C++ only one constructor is called

Question

I'm trying to understand rvalue reference. This is the code I've written so far:

class A {
public:
    A(const char* str) {
        std::cout << str;
    }

    A(A&& other) {
        std::cout << "other";
    }
};

int main() {
    A m(A(A(A("hello"))));
}

The output is only "hello", which makes me confused.

Since A("hello") is a temporary object passed to the second constructor, But the code output is as if only the first constructor is called.

I guess either this is a compiler optimization or i miss some details about constructors and rvalues.

Answer 1

What you observe is also known as copy elision, more precisely:

Under the following circumstances, the compilers are required to omit the copy and move construction of class objects, even if the copy/move constructor and the destructor have observable side-effects.
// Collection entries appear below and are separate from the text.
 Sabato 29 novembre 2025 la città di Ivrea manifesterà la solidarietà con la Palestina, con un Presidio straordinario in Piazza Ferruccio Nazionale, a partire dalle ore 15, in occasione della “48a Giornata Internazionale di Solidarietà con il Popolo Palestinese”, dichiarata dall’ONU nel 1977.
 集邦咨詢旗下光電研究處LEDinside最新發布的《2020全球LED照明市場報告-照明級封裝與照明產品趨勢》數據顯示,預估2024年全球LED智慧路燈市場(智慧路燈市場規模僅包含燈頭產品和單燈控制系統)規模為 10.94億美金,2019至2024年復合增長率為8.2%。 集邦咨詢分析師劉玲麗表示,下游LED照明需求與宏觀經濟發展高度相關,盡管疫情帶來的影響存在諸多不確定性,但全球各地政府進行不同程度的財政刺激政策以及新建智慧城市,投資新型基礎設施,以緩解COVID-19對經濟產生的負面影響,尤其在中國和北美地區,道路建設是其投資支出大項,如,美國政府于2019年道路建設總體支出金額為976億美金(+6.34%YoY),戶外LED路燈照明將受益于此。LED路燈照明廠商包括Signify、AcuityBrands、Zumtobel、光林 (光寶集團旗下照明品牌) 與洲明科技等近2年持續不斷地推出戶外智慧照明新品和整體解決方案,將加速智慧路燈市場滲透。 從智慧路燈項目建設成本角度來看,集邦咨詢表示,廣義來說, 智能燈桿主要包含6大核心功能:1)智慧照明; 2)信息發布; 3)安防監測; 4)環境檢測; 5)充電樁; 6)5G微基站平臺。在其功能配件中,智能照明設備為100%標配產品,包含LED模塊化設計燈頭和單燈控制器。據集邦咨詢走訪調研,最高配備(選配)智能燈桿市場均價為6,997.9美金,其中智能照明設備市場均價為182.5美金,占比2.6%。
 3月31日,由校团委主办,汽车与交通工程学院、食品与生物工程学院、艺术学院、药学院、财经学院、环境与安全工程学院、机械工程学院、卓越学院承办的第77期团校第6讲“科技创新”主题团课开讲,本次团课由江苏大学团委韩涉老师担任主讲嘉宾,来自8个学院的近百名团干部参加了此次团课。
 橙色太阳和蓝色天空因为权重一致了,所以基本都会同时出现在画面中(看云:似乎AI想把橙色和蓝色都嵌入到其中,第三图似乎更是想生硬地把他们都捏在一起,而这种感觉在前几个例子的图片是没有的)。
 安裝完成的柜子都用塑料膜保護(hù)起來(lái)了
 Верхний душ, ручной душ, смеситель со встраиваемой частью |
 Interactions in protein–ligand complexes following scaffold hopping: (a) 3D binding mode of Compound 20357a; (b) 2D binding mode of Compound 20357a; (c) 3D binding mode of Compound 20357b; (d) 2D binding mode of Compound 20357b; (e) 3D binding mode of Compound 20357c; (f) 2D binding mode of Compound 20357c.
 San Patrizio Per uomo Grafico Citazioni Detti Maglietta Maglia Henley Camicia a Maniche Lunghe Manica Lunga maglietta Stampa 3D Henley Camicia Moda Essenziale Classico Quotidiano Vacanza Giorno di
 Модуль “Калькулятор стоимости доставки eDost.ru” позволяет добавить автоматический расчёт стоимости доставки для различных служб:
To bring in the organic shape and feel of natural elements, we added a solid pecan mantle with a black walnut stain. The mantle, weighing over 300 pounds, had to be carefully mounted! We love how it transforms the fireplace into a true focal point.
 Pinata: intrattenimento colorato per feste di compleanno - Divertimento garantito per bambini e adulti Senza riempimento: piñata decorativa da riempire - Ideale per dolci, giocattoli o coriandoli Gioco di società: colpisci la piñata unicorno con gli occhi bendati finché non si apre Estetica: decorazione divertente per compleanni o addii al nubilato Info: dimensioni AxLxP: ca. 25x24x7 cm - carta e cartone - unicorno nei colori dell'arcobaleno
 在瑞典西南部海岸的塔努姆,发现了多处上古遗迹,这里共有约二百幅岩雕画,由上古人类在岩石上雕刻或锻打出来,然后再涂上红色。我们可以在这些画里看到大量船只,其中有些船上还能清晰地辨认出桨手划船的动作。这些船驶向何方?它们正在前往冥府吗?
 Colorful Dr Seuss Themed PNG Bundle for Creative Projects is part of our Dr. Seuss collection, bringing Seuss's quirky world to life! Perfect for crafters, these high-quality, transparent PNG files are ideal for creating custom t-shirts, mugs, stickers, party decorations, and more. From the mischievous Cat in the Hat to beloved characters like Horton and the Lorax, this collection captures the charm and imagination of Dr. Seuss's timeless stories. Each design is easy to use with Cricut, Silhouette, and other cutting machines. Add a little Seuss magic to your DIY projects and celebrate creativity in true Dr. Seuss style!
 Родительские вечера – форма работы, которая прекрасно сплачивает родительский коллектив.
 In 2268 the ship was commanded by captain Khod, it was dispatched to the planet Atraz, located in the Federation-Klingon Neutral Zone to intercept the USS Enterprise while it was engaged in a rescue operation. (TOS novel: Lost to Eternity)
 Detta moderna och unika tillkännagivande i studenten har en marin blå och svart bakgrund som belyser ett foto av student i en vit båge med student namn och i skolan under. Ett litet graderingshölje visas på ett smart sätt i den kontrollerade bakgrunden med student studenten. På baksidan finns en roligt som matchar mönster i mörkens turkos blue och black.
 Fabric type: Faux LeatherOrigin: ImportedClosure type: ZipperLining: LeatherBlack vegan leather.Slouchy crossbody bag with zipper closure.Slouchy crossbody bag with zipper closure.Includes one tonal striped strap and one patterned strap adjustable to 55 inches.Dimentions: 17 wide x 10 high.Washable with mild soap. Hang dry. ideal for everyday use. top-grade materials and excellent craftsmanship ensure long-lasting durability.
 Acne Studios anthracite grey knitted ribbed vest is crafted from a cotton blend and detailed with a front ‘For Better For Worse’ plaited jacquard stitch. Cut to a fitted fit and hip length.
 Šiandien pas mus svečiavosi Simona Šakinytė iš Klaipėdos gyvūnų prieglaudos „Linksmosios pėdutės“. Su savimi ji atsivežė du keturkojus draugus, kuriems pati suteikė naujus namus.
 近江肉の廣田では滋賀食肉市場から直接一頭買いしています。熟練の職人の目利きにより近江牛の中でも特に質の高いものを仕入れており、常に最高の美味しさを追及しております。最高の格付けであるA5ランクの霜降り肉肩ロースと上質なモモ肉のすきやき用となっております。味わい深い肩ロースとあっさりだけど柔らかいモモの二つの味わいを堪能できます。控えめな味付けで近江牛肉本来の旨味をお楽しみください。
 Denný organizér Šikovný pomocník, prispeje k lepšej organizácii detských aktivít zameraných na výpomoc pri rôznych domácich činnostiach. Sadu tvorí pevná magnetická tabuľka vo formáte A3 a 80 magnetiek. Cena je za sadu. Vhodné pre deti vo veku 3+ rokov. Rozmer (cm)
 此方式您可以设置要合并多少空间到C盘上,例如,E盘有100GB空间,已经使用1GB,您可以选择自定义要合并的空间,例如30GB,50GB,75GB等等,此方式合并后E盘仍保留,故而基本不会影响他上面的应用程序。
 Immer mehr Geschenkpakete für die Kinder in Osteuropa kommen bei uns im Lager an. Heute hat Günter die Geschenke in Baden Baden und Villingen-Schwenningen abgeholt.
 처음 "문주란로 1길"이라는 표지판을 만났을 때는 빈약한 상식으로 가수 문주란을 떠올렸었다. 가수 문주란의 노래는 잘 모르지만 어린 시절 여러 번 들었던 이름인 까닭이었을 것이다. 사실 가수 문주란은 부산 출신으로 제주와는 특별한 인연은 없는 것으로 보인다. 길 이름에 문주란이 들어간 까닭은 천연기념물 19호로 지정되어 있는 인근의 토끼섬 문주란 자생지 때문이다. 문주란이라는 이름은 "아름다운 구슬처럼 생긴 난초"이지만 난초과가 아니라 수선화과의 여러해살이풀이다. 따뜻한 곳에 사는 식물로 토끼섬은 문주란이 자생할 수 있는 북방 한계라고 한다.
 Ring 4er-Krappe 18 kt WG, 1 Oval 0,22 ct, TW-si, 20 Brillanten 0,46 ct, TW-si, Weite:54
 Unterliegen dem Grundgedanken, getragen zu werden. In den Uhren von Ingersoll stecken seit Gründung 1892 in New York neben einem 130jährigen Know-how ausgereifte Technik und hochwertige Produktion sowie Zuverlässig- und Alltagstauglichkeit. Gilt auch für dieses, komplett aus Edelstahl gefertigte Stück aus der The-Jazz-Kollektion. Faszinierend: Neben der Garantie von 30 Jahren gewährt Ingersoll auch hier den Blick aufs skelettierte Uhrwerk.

The objects are constructed directly into the storage where they would otherwise be copied/moved to. The copy/move constructors need not be present or accessible:

(...)

• In the initialization of an object, when the initializer expression is a prvalue of the same class type (ignoring cv-qualification) as the variable type:

T x = T(T(f())); // only one call to default constructor of T, to initialize x

which is exactly your case.

Note that the optimization is mandatory for C++17 onwards. It is optional for C++11, but it seems that your compiler applies it anyway.

Answer 2

Yes this is a compiler/language(see latter) optimization.

As can be seen here, this will output:

hello

Changing the standard from -std=c++2a to -std=c++14 in the compiler options will still give you hello only, but in addition to the standard change if you also add: -fno-elide-constructors to the options you should see what you're hoping for.

However, this option will no longer work if you specify C++17 or C++2a as standard as this elision has become mandatory in certain situations since those standards, your situation is one of those.